• Work instruction: Repeat the span of the entries below that starts at the line with "Body Arm Chain" and ends at the line with "Steady State Forced", nothing more. Skip the pictures.

• Material provided:
Start of Block
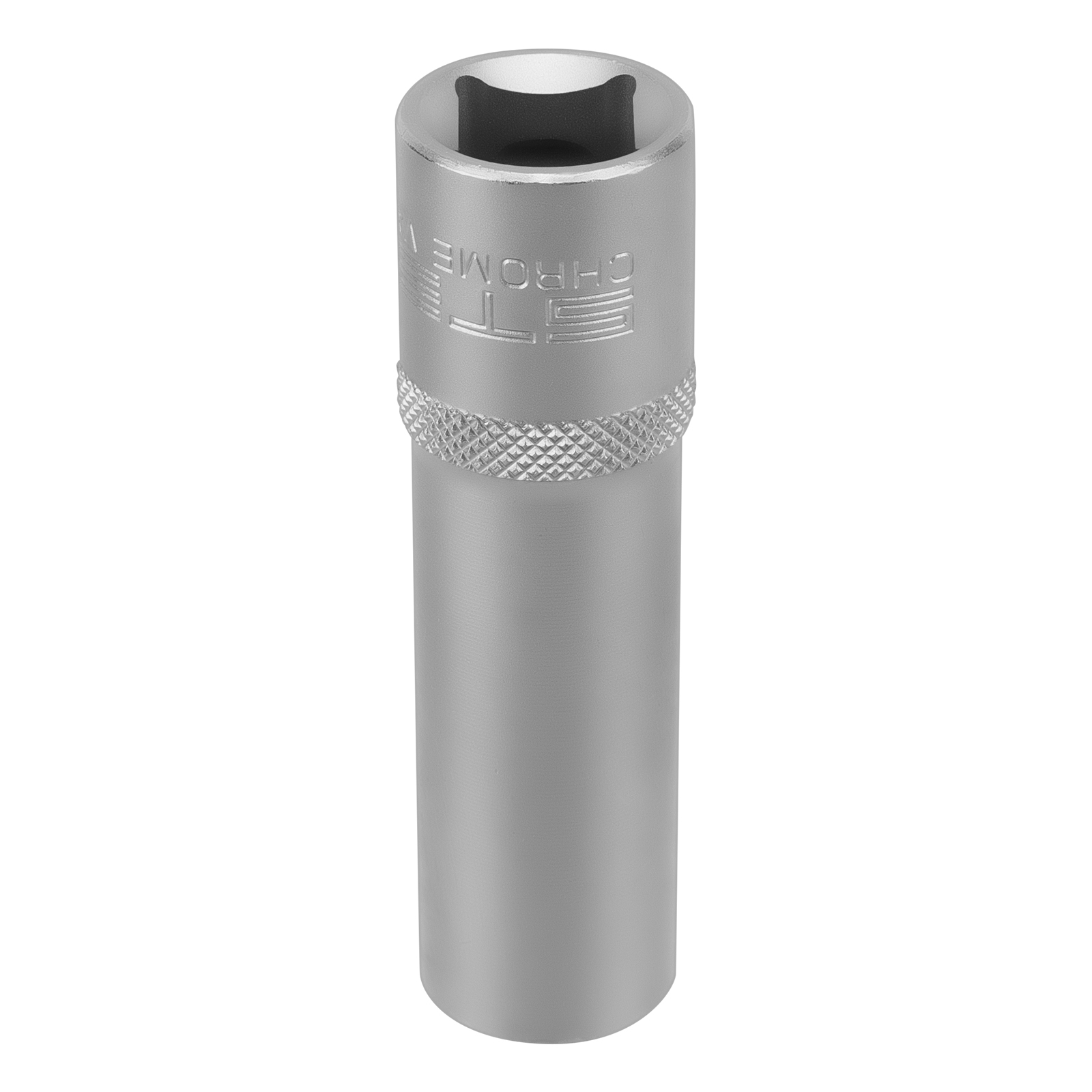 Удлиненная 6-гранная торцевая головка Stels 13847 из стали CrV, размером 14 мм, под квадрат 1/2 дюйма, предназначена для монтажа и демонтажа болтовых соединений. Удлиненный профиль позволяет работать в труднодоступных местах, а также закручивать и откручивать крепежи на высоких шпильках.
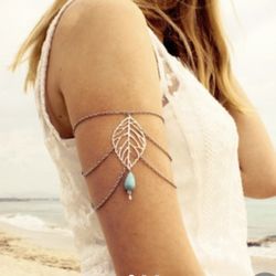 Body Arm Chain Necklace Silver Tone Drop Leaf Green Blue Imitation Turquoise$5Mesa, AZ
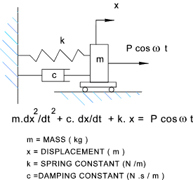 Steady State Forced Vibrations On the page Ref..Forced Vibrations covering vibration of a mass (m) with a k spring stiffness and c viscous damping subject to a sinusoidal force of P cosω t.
End of Block
Start of Block
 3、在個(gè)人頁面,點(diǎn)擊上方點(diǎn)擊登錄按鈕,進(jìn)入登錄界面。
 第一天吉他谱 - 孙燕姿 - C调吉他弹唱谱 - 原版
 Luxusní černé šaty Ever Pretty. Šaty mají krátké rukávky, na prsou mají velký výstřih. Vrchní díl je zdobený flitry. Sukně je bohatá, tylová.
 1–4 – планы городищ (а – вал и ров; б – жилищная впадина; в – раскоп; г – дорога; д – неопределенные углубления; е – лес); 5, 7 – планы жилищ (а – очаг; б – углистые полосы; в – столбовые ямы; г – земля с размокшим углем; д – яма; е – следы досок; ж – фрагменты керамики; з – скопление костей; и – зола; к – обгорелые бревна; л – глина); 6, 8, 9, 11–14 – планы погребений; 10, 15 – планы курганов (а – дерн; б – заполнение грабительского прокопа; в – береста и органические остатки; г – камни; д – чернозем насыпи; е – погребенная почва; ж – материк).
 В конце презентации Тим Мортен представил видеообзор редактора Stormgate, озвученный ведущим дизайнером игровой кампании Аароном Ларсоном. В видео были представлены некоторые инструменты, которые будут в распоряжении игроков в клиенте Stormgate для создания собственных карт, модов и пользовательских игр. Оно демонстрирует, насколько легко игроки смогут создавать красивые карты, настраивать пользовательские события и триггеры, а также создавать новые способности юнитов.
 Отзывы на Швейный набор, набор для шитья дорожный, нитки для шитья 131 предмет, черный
End of Block
Start of Block
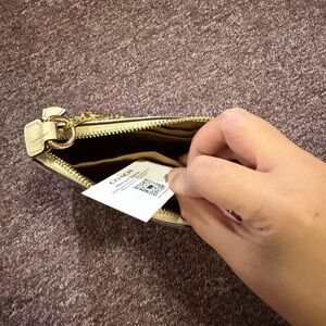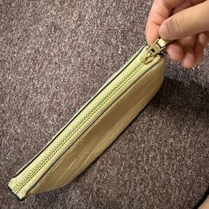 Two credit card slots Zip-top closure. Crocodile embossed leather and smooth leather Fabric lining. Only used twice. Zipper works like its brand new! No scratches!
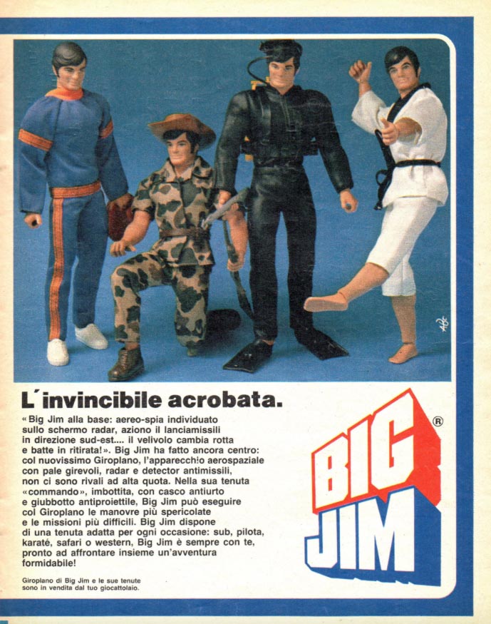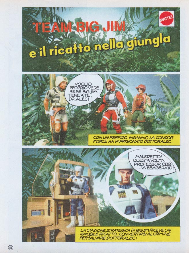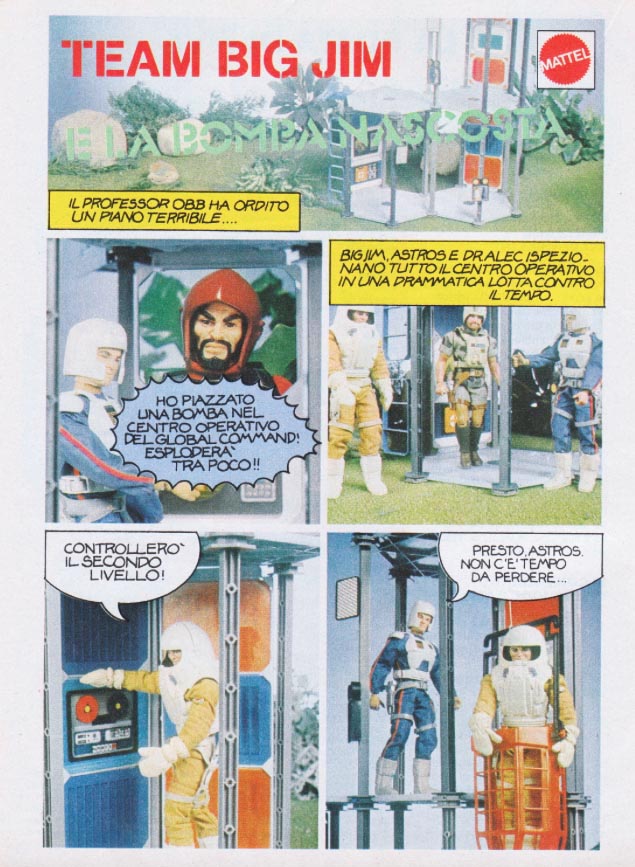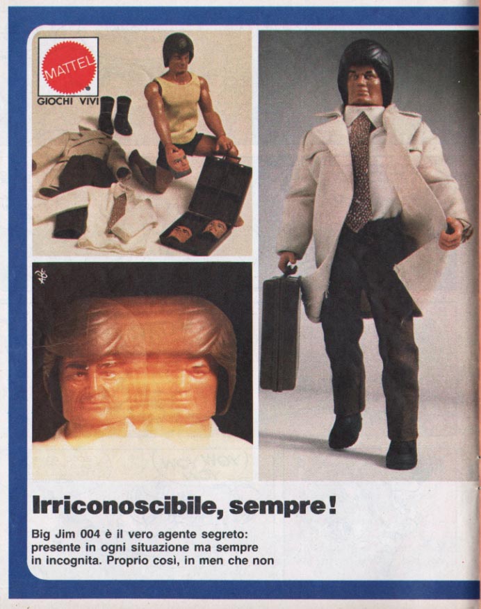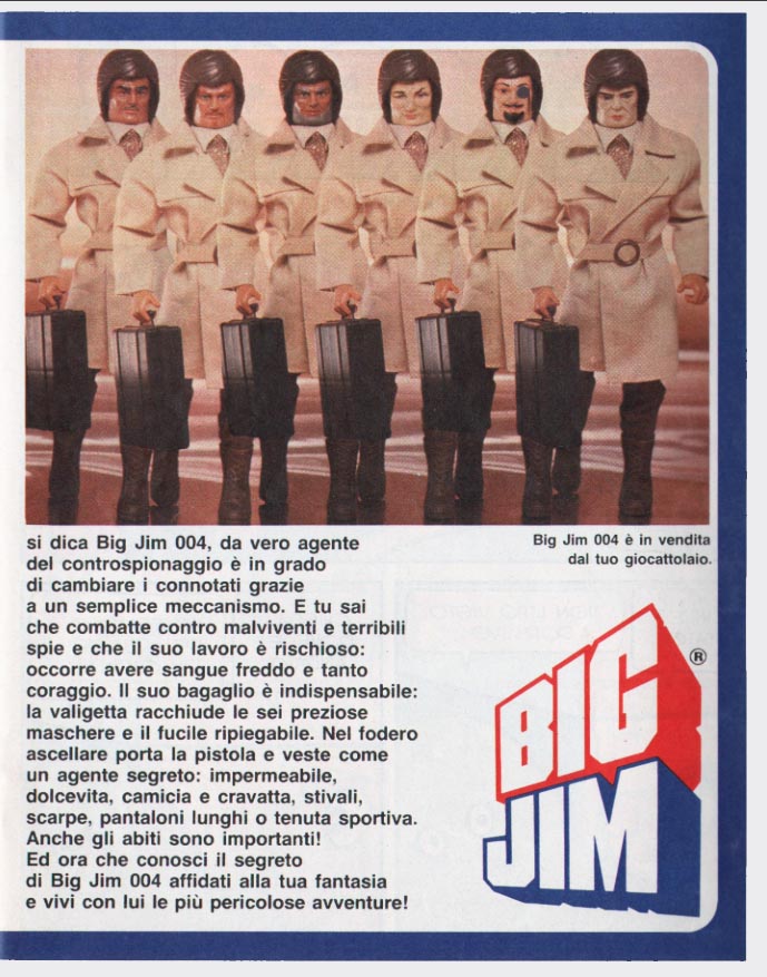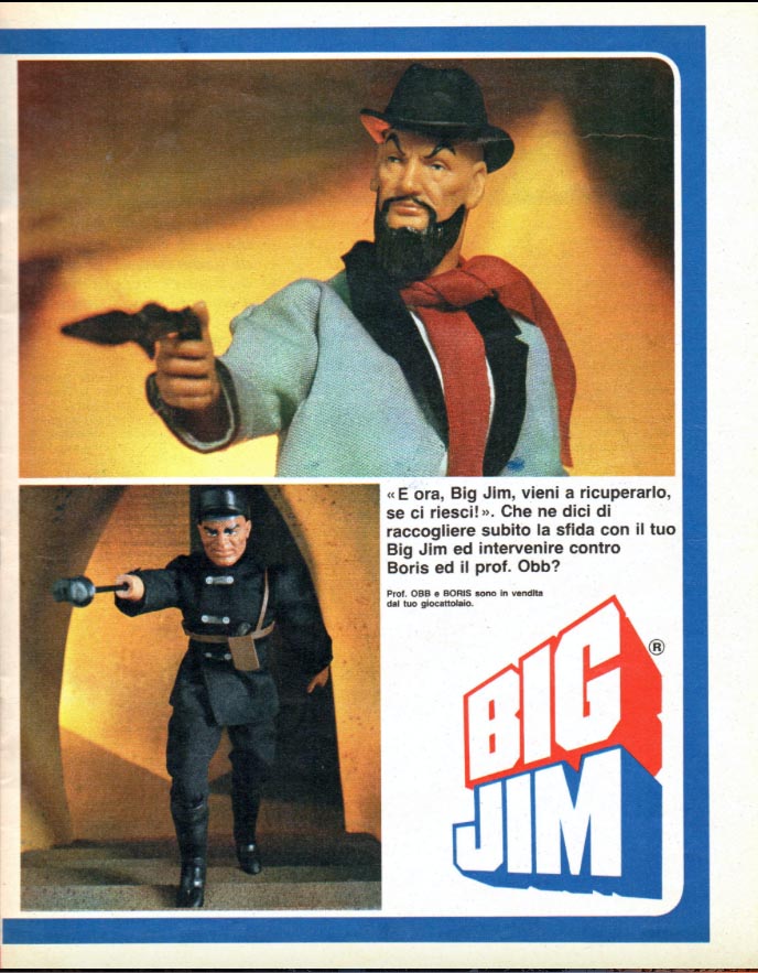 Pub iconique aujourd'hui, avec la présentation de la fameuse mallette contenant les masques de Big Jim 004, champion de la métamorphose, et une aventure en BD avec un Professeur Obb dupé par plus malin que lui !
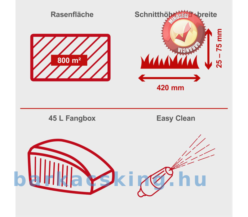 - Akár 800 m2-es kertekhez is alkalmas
End of Block
• Result for this exercise:
 Body Arm Chain Necklace Silver Tone Drop Leaf Green Blue Imitation Turquoise$5Mesa, AZ
 Steady State Forced Vibrations On the page Ref..Forced Vibrations covering vibration of a mass (m) with a k spring stiffness and c viscous damping subject to a sinusoidal force of P cosω t.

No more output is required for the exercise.